Gruber, who is the only current commissioner who was in office during the lawsuit, said the existing lease will suffice for two more years, and if the CFA can abide by it, he’d be happy to consider another five-year term at that time.
At one point during the lawsuit, the former county administrator showed the commission a slideshow of unhealthy conditions at the coliseum including dead rodents and insects, cleaning supplies in the food areas and general lack of maintenance of the grounds. Part of the lease and the federal grant include maintaining the facility to be ready for use at all times as an emergency shelter.
Davis said those conditions have since been satisfied by the CFA and “as far as I know, they keep it to code. They do a good job. When we have events there … my dealings have all been very positive. If it’s a public, county-owned facility, we expect it to be maintained.”
But Gurber said there’s more to it than that.
“I don’t have a grudge by no means,” he said. “I do believe the coliseum isn’t being managed up to what its potential can be.”

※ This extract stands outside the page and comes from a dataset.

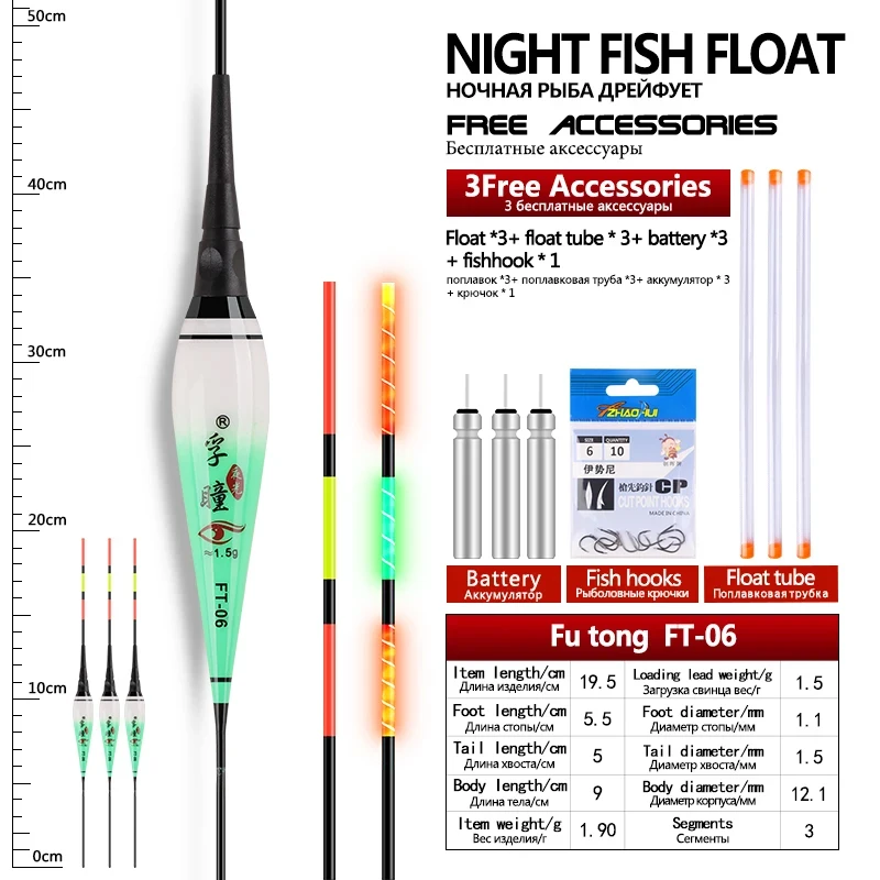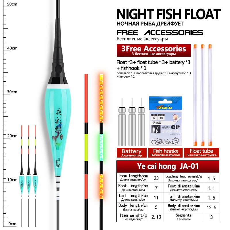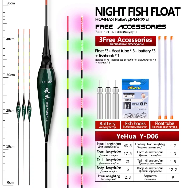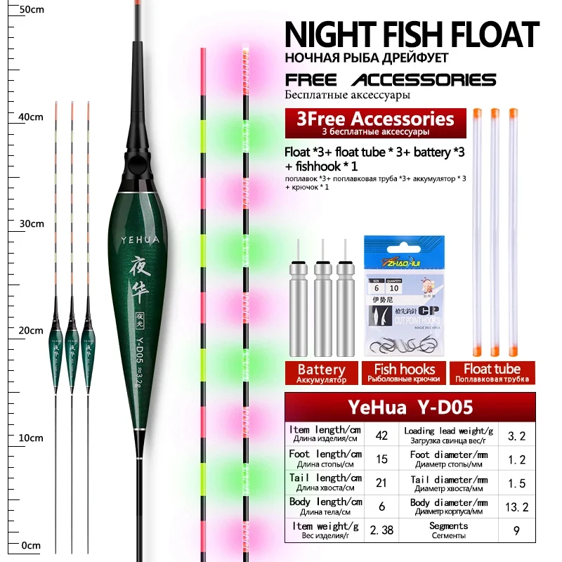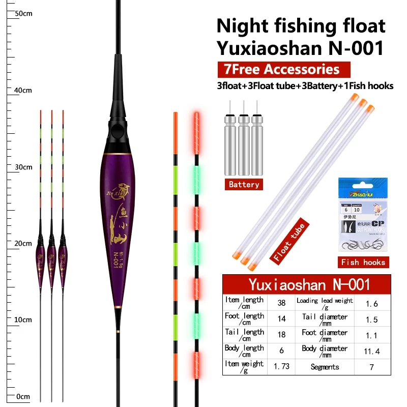 Comprar Flotadores de pesca eléctricos Nano, accesorios de pesca nocturna Boya luminosos, agua dulce, CR425, 3 unidades, tubo flotador, 1 bolsa de ganchos, 3 unidades
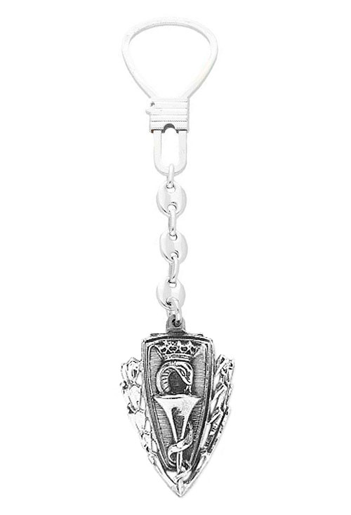 Llavero plata carrera de Farmacia, un llavero perfecto para hacer el regalo de la graduación, por supuesto para regalar a cualquier profesional de esta profesión con cualquier tipo de motivo, esta formado por una insignia triangular rodeada de laureles con el logo de la carrera realizado en alto relieve que cuelga de una cadena de calabrote y una lira de alta seguridad.

Gruber went on to claim that the CFA board hasn’t been active in pursuing new revenue at the coliseum, and claimed some CFA board members have died in recent years and haven’t been replaced.
“I think it can have a lot more than a gun show every once in a while and a couple events,” he said, adding the board did at one time pursue a deal with a local college to add a CDL permitting school on the site, which he opposed.
“In the contract, it all boils down to nobody will sit down and look at what’s really going on,” he said. “We’re supposed to get a certain amount of money per event and that was it.”
Davis said that is exactly what he has been doing, but at the commission meeting Tuesday, blamed a “serious, serious, communication problem” with his colleagues for the division, which he said is exacerbated by their fear of violating the Open Meetings Act.
He apologized to his colleagues and citizens, claiming that “sharing information is not deliberation” under the Open Meetings Act, and also promised when he takes over as commission chair in November, he’ll share all committee information with staff and other commissioners.
As for the lease, he can’t say whether the commission will revisit it before it expires.
“Another intent was to change the date so it wouldn’t correspond with [county] elections in 2022,” he said. “When the three [new commissioners] came in we found out there were issues, and it’s not a topic you want to jump right in your face.”
A representative from the Cattle and Fair Association could not be reached for comment.